Total metabolic tumor volume (TMTV) was measured in 510 patients with DLBCL participating in the PETAL trial. The present data provide information about the prognostic impact of total metabolic tumor volume using the fixed standardized uptake value (SUV4) instead of the relative SUV41max thresholding method. A Bland-Altman plot was created to compare both methods. For TMTV assessed by the SUV4 method a Cox regression was applied to determine its effect on time to progression, progression-free survival, and overall survival. Kaplan-Meier curves and corresponding hazard ratios were used to estimate the effect of TMTV alone or in combination with interim positron emission tomography response on patients' survival. The data relate to the research article entitled "Dynamic risk assessment based on positron emission tomography scanning in diffuse large B-cell lymphoma: post-hoc analysis from the PETAL trial" [1].

Data

We present supporting data belonging to the research article “Dynamic risk assessment based on positron emission tomography scanning in diffuse large B-cell lymphoma: post-hoc analysis from the PETAL trial” [1]. Fig. 1 displays the agreement between the SUV41max and the SUV4 method which was assessed using an identity plot (upper left panel) and a Bland-Altman (upper right panel) plot ([2,3]). Lower left and right panels refer to identity and Bland-Altman plots for the log-transformed values of SUV41max and SUV4. Cox regression models investigating the effect of interim positron emission tomography-derived (iPET) and International Prognostic Index-derived factors on time to progression (TTP), progression-free survival (PFS), and overall survival (OS) are shown in Table 1. Table 2 presents survival rates and hazard ratios with 95% confidence intervals for time to progression, progression-free survival, and overall survival based on the risk groups of the dynamic prognostic model.

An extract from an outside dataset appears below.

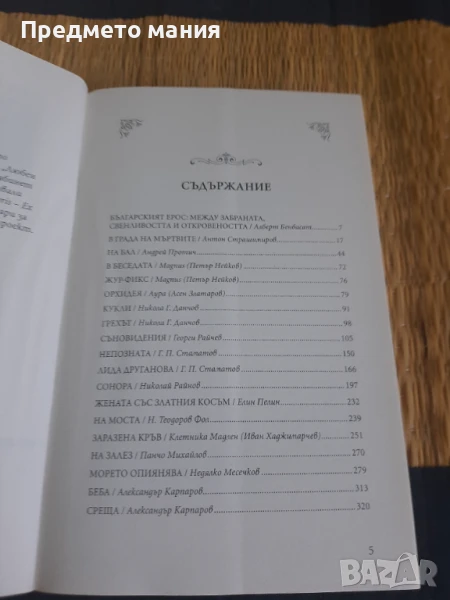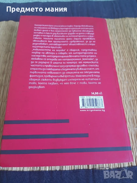 Това пише на задната корица на книгата. Българският Ерос има особена съдба. Поради вековната ни социална несвобода и културна изолация интимният живот дълго е бил недостъпен за публично обсъждане, оставал е скрит зад високите зидове на дома и твърде рядко е попадал в обектива на литературата и изкуството. Нашите писатели дълги години проявяват свенливост към еротичното изображение, за да не разгневяват „непокварената“ общественост и морализаторската критика.

Patients with low baseline TMTV according to the SUV4 method and good iPET response using the ΔSUVmax method formed a low risk group, while patients with either high TMTV and good iPET response or low TMTV and poor iPET response were defined as an intermediate risk group. Patients with high TMTV and poor iPET response were allocated to the high risk group with corresponding Kaplan-Meier curves within the risk groups of the dynamic prognostic model being displayed in Fig. 2. All raw data are provided in the supplementary file.

Fig. 1

Identity and Bland-Altman plots to assess agreement between fixed and relative threshold methods for TMTV determination.

Table 1

Cox regression modelling of the effect of positron emission tomography-derived and International Prognostic Index-derived factors on time to progression, progression-free survival, and overall survival.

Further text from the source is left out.